* [Exercise aim]
Please copy exactly the line that contains "Turning the camera" and every line after it through the end of the records, leaving the pictures out.

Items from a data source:
* * *
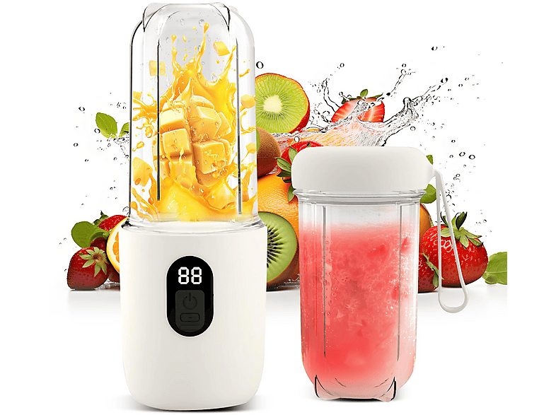 Perfekte Smoothies überall und jederzeit! Dieser portable Mixer mit smartem Digital-Display zeigt dir genau, was Sache ist: Ladezustand, Nutzungsdauer und Betriebsmodus. Mit starkem 1500mAh Akku mixst du bis zu 8 Gläser mit einer Ladung. Der 40W Motor schafft 20.800 U/min - in nur 9 Sekunden ist dein Drink fertig! 16 Edelstahl-Klingen zerkleinern alles mühelos. Nur 450g leicht, mit 500ml Behälter und Trinkdeckel. Ideal für Büro, Auto, Camping oder unterwegs. Einfach reinigen - 30 Sekunden Selbstreinigung. Gesundes Essen war noch so praktisch!
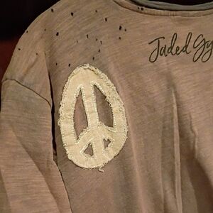 Embrace a laid-back vibe with this brown tee featuring a peace sign graphic. Perfect for casual wear. Such a similar style to MP.
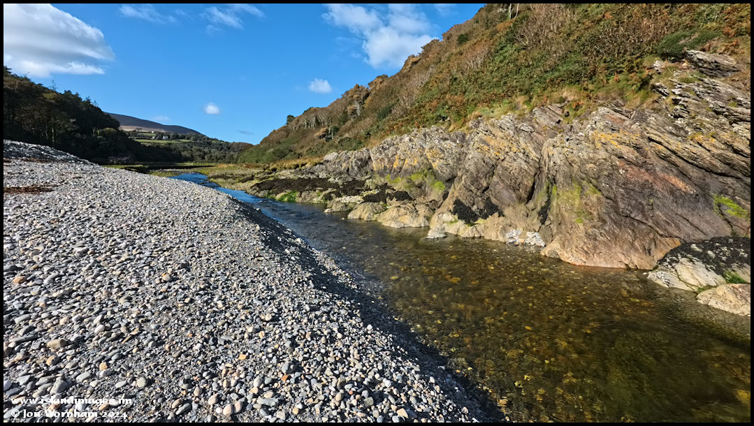 Turning the camera around and looking inland towards the lagoon, which empties at low tide with just the river flowing through it.
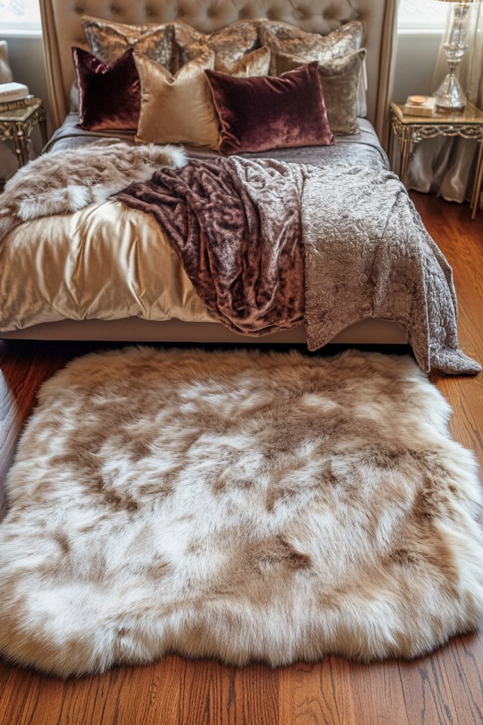 Want to add instant comfort and luxury to your bedroom? Faux fur rugs and textured throws give you that plush, inviting vibe without the cruelty or cost of real fur. It’s an easy way to make your space feel warm and stylish.
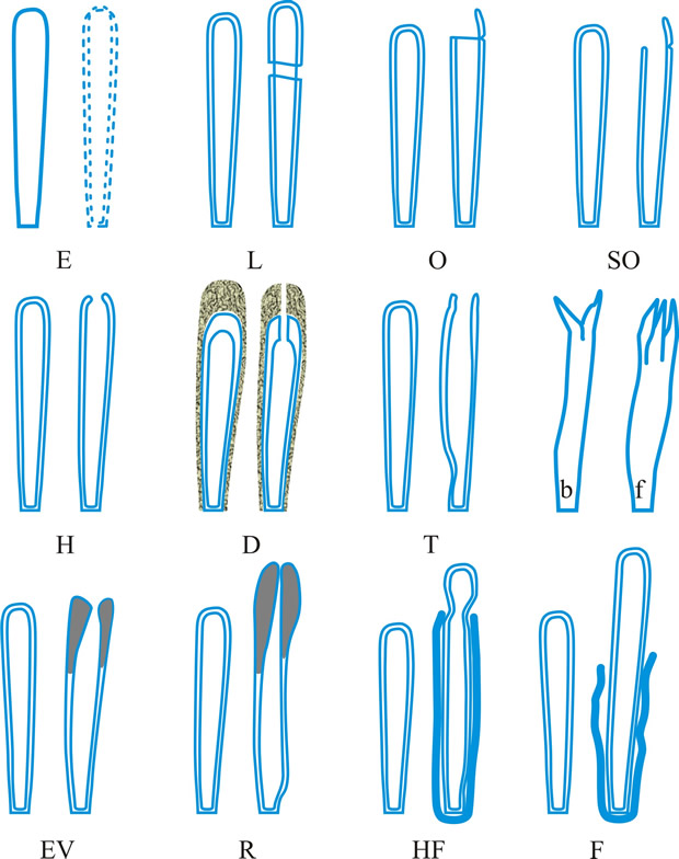 Fig. 21. Hyphidia. A, setal hypha ( Phellinus); B, seta ( Inonotus); C, asteroseta ( Asterostroma); D, gloeo-hypha ( Gloeocystidiellum); E, encrusted ( Peniophora); ...continued... |
* * *
* [Exercise solution]
 Turning the camera around and looking inland towards the lagoon, which empties at low tide with just the river flowing through it.
 Want to add instant comfort and luxury to your bedroom? Faux fur rugs and textured throws give you that plush, inviting vibe without the cruelty or cost of real fur. It’s an easy way to make your space feel warm and stylish.
 Fig. 21. Hyphidia. A, setal hypha ( Phellinus); B, seta ( Inonotus); C, asteroseta ( Asterostroma); D, gloeo-hypha ( Gloeocystidiellum); E, encrusted ( Peniophora); ...continued... |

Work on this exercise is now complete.